Photo of David Cooper

2. David Cooper (1931 - 1986)

With an HPI of 52.33, David Cooper is the 2nd most famous South African Physician.  His biography has been translated into 17 different languages.

David Graham Cooper (1931 in Cape Town, South Africa – 29 July 1986 in Paris, France) was a South African-born psychiatrist and theorist who was prominent in the anti-psychiatry movement. Cooper graduated from the University of Cape Town in 1955. R.D. Laing claimed that Cooper underwent Soviet training to prepare him as an anti-apartheid communist revolutionary, but after completing his course he never returned to South Africa out of fear that the Bureau of State Security would eliminate him. He moved to London, where he worked at several hospitals. From 1961 to 1965 he ran an experimental unit for young people with schizophrenia called Villa 21, which he saw as a revolutionary 'anti-hospital' and a prototype for the later Kingsley Hall Community. In 1965, he was involved with Laing and others in establishing the Philadelphia Association.

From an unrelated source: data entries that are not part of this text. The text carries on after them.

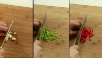1.大明虾去须,然后剖开,将虾尾摆入盘中,蒜子、青椒、红椒依次切碎。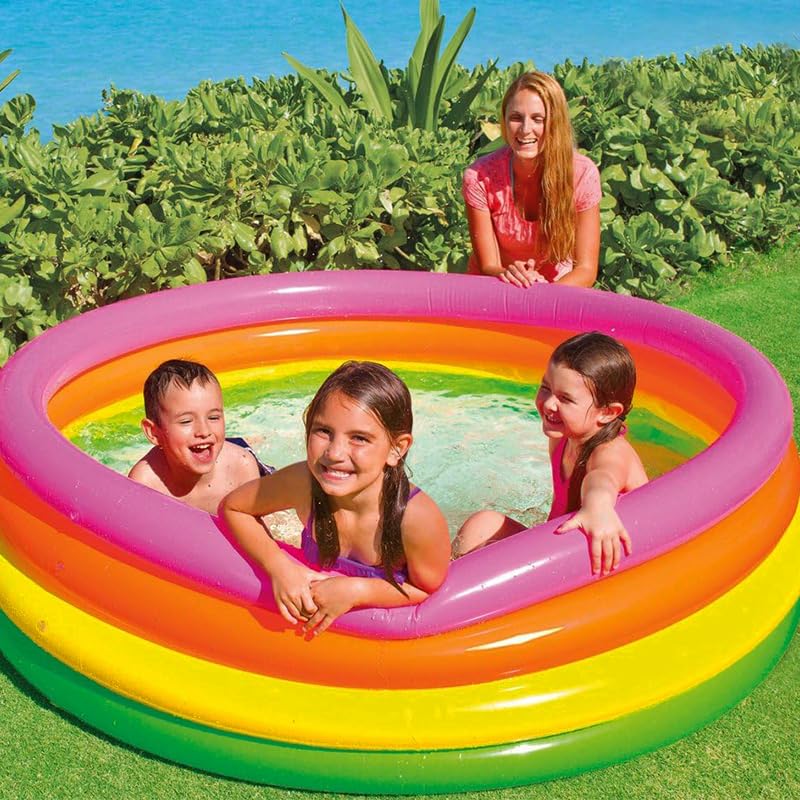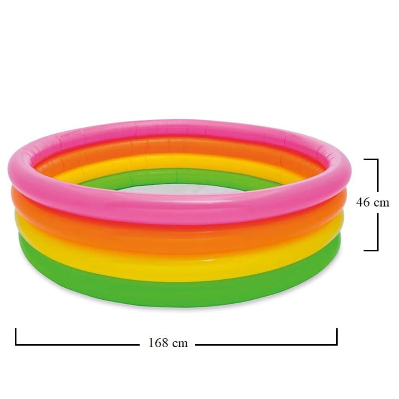Piscina gonfiabile multicolor Intex - Piscina per bambini in PVC a 4 anelli gonfiabili - Misura 168x46 Cm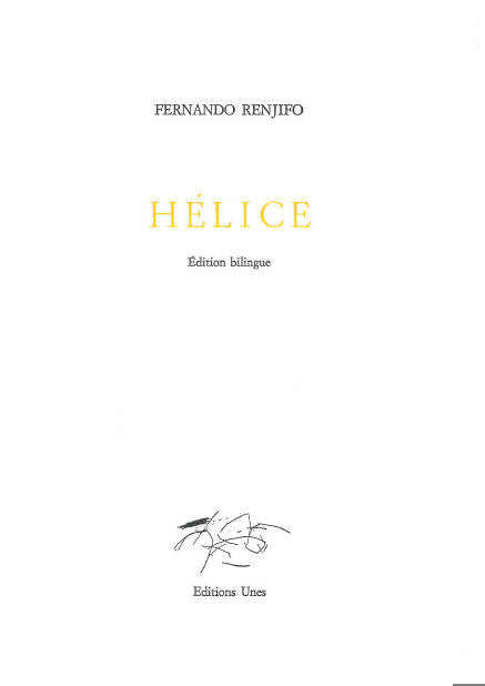« Nous sommes partis du chaos et nous avons déchu », c’est par ce vers unique sur la page que cette Hélice commence son forage, qui va prendre corps vers après vers, page après page, tourner sur elle-même en s’élargissant, creuser sa pensée avant de se rétracter sous l’effet de la rotation pour finir comme elle avait commencé, en une succession de paroles brèves et acérées. Partir du chaos, prendre son essor, déchoir, trois mouvements du poème, trois mouvements de la vie humaine que le poète et dramaturge espagnol Fernando Renjifo entrelace – « faufile » comme on le dit joliment en couture – dans ce livre dont la beauté doit beaucoup à la force retenue, méditative, à un mélange de fables minimalistes et de fulgurances secrètes. Cette communication entre l’intime et le monde qui n’oublie jamais sa part de contradiction, cette tension constante entre réel et abstraction, entre mentalité et sentiment, entre « dette » et « espérance », irrigue le texte d’une mélancolie moins inquiète de la disparition personnelle que de la chute collective. L’espèce est en voie de disparition, à chaque échelle, intime depuis toujours, collective depuis peu. Une disparition qui au gré de visions puissantes coïncide avec le linge étendu qui disparaît à nos fenêtres ou aux chaises vides sur la lande, et médite sur l’effacement des noms, des objets, des animaux. Une disparition petite et quotidienne comme celle des soleils, presque heureuse de son insignifiance. Un regard archaïque se pose sur ces pages pleines d’absence, au fil d’une pensée qui s’articule de façon hélicoïdale, cherche à remonter à la source, à notre première matière selon une boucle ADN – nous sommes « matière et mouvement », faits « de hasard et de vide » dit Renjifo –, à la « cause première » de l’humanité, de sa divagation et de son détournement. L’espèce se trouve expulsée, au milieu d’un monde en décomposition, après avoir tourné le dos au chaos, à la confusion, au règne animal pour se retrouver entre les mains de l’ordre, des nombres et de la loi. Il reste malgré tout le désir, le désir humain qui persiste en ces « temps de jachère », et qui se laisse soulever par la « rage de la mer » et une certaine « odeur du monde ». Désir du centaure qui a aimé un humain, qui a touché la terre, désir des corps qui se sont baignés dans l’eau. Ou douceur de voir les enfants jouer sur le balcon, douceur encore de reposer la tête dans un rire. Accompagnant la rotation de l’hélice, il s’agit de retenir à soi désir et douceur même quand « le monde va au délire » et que « les animaux ont fui ».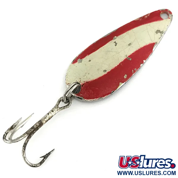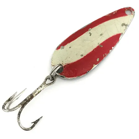 Strisce diagonali rosse e bianche definiscono il lato frontale di questo ondulante Keystone, un segno distintivo del design degli artificiali statunitensi della metà del secolo. Con un peso di 3/16oz (5,5 g), il corpo in metallo misura 1 3/4" (4,5 cm) e presenta una tradizionale forma a goccia ideale per il lancio. Questo esemplare, registrato con il codice prodotto 6934, ha una valutazione di condizione 3/5; la superficie verniciata mostra segni di usura dovuti all'età e piccole scheggiature che testimoniano la sua storia in pesca. Il lato posteriore è caratterizzato da una nichelatura che ha ammorbidito la sua lucentezza nel corso degli anni. Una singola ancoretta è fissata alla coda tramite un robusto anellino spaccato, mentre la testa presenta un occhiello pulito per il finale o un moschettone. Nonostante il produttore sia sconosciuto, la fattura riflette la qualità semplice e durevole tipica dell'attrezzatura americana d'epoca.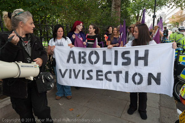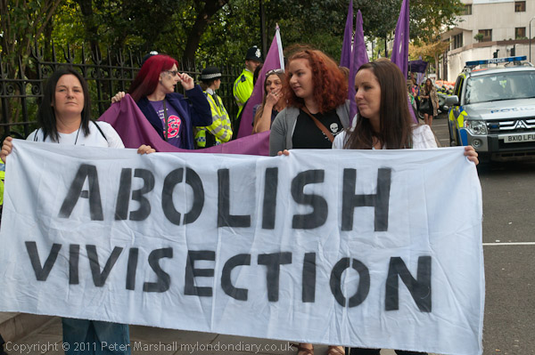 Protesters gathered at Temple, many wearing purple, the traditional colour of the anti-vivsection movement
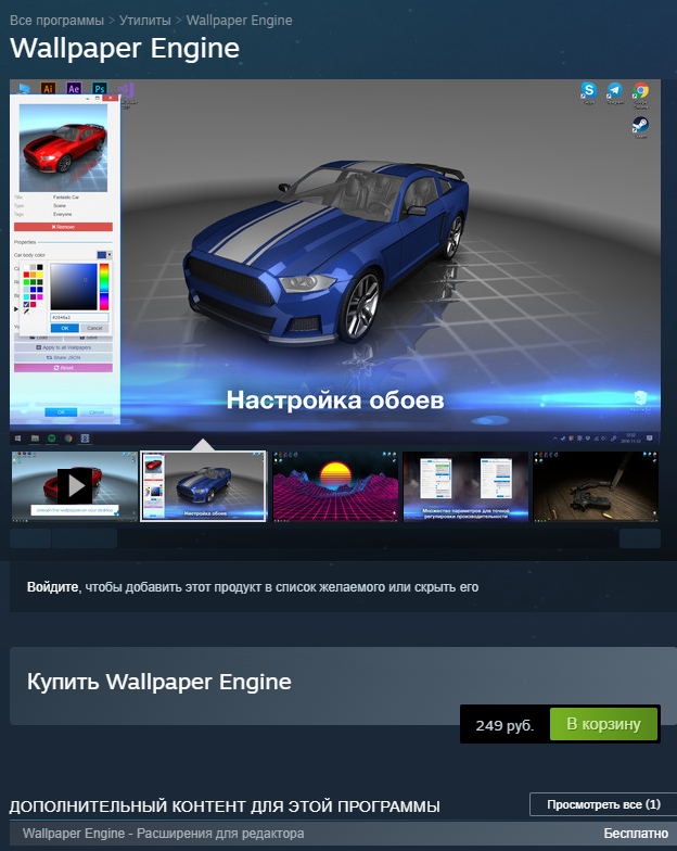 Программа платная, купить ее можно в Стиме. Но стоит она сущие копейки, около 250 рублей. Ради красоты, можно и потратиться (ну, я думаю вы все уже знаете, как пополнять кошелек в Стиме в 2022 году. Если нет — пишите в комментарии, и мы напишем об этом отдельную инструкцию).

An "existential Marxist," he left the Philadelphia Association in the 1970s in a disagreement over its lack of political orientation. Cooper coined the term "anti-psychiatry" in 1967, and wrote the book Psychiatry and Anti-psychiatry in 1971. He also co-founded the Antiuniversity of London in February 1968.

People

Pantheon has 2 people classified as South African physicians born between 1922 and 1931. Of these 2, none of them are still alive today. The most famous deceased South African physicians include Christiaan Barnard, and David Cooper.